Supplied data
------------------------------------------------------------------------

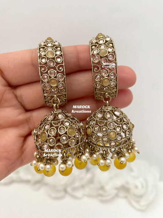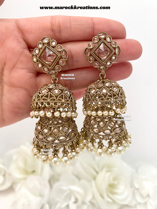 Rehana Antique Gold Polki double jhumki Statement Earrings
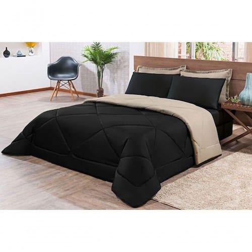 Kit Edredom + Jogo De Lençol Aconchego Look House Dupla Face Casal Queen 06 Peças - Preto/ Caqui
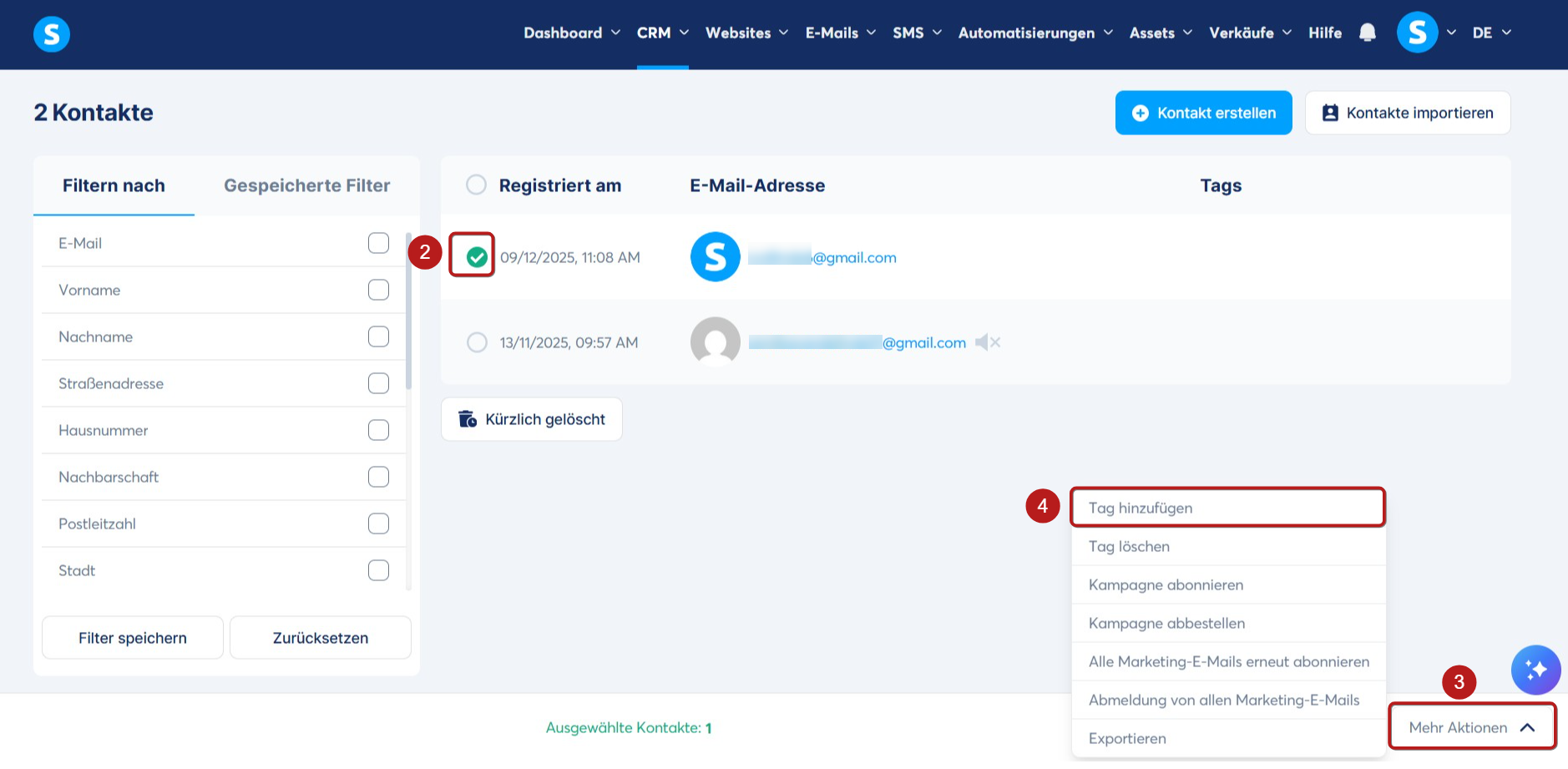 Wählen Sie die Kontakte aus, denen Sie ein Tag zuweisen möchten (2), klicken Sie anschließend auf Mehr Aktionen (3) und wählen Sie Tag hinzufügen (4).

------------------------------------------------------------------------

Problem to solve
Would you set down every line of the data above exactly, skipping the pictures?

Solution for this problem
 Rehana Antique Gold Polki double jhumki Statement Earrings
 Kit Edredom + Jogo De Lençol Aconchego Look House Dupla Face Casal Queen 06 Peças - Preto/ Caqui
 Wählen Sie die Kontakte aus, denen Sie ein Tag zuweisen möchten (2), klicken Sie anschließend auf Mehr Aktionen (3) und wählen Sie Tag hinzufügen (4).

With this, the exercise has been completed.